**Directions**
Output, word for word, the line that contains "9月15日,在斯里兰卡首都科伦坡,游客参观斯里兰卡国家博物馆展出的郑和碑。" and all lines after it in the records below, omitting pictures.

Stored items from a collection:

■ ■ ■

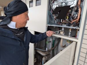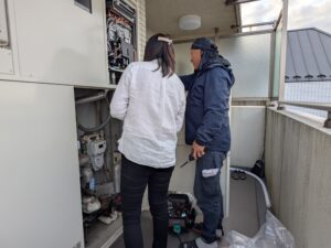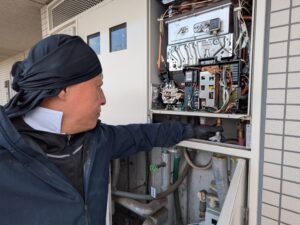 自動湯張りをして、各配管の水漏れとガス漏れを再確認します。
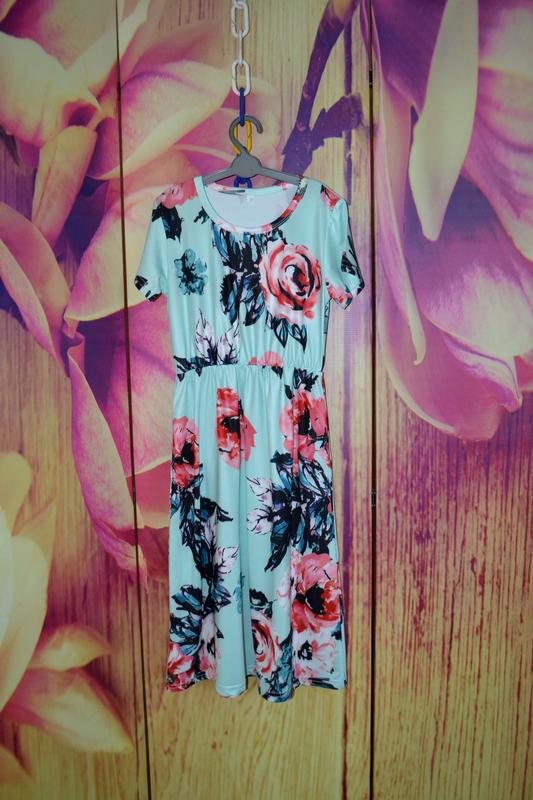 Сукня з квітами. Довга. Тканила легка, приємна, гладенька. р.110: груди п/о - 33 см, пояс п/о - 25 см (резинка ), довжина - 82 см ( по спинці) Склад: 65% котон, 35% полиестер
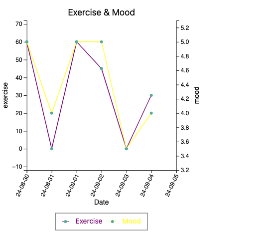 Ngoài ra, habit tracker sẽ cho bạn dữ liệu trực quan quý giá về chính bạn mà không có cuốn sách self-help hay khoá học tâm lý chữa lành, hay một life coach nào có thể làm được. Tôi gọi đó là năng lực tự nhận thức dựa vào dữ liệu (data-driven self-awareness). Ví dụ, bạn có thể trả lời câu hỏi như: Tập thể dục và tâm trạng có liên quan với nhau ra sao? với dữ liệu từ thói quen của chính bạn (hình dưới).
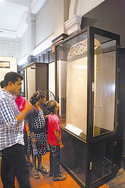 9月15日,在斯里兰卡首都科伦坡,游客参观斯里兰卡国家博物馆展出的郑和碑。
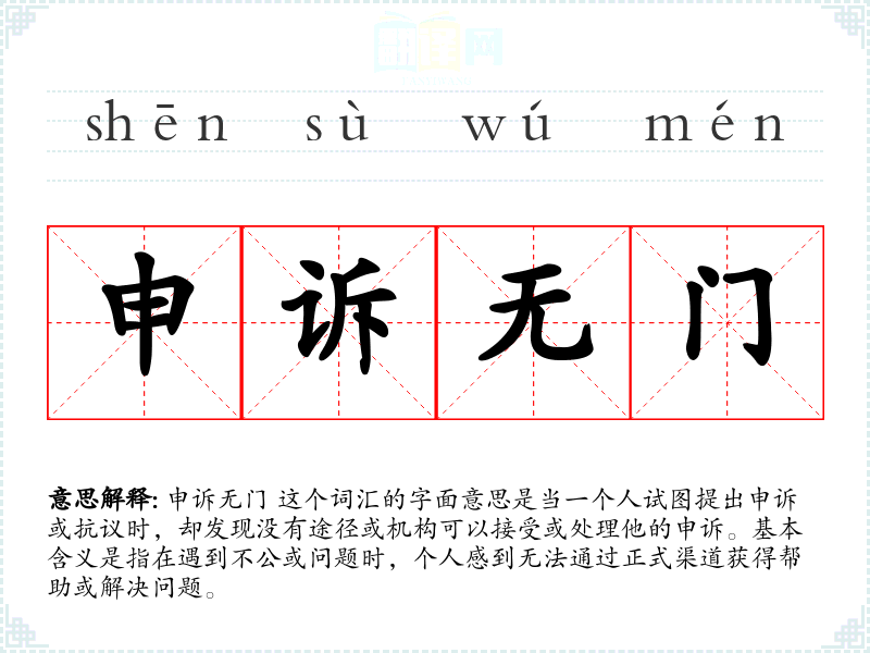 申诉无门 这个词汇的字面意思是当一个人试图提出申诉或抗议时,却发现没有途径或机构可以接受或处理他的申诉。基本含义是指在遇到不公或问题时,个人感到无法通过正式渠道获得帮助或解决问题。

■ ■ ■

**Task output**
 9月15日,在斯里兰卡首都科伦坡,游客参观斯里兰卡国家博物馆展出的郑和碑。
 申诉无门 这个词汇的字面意思是当一个人试图提出申诉或抗议时,却发现没有途径或机构可以接受或处理他的申诉。基本含义是指在遇到不公或问题时,个人感到无法通过正式渠道获得帮助或解决问题。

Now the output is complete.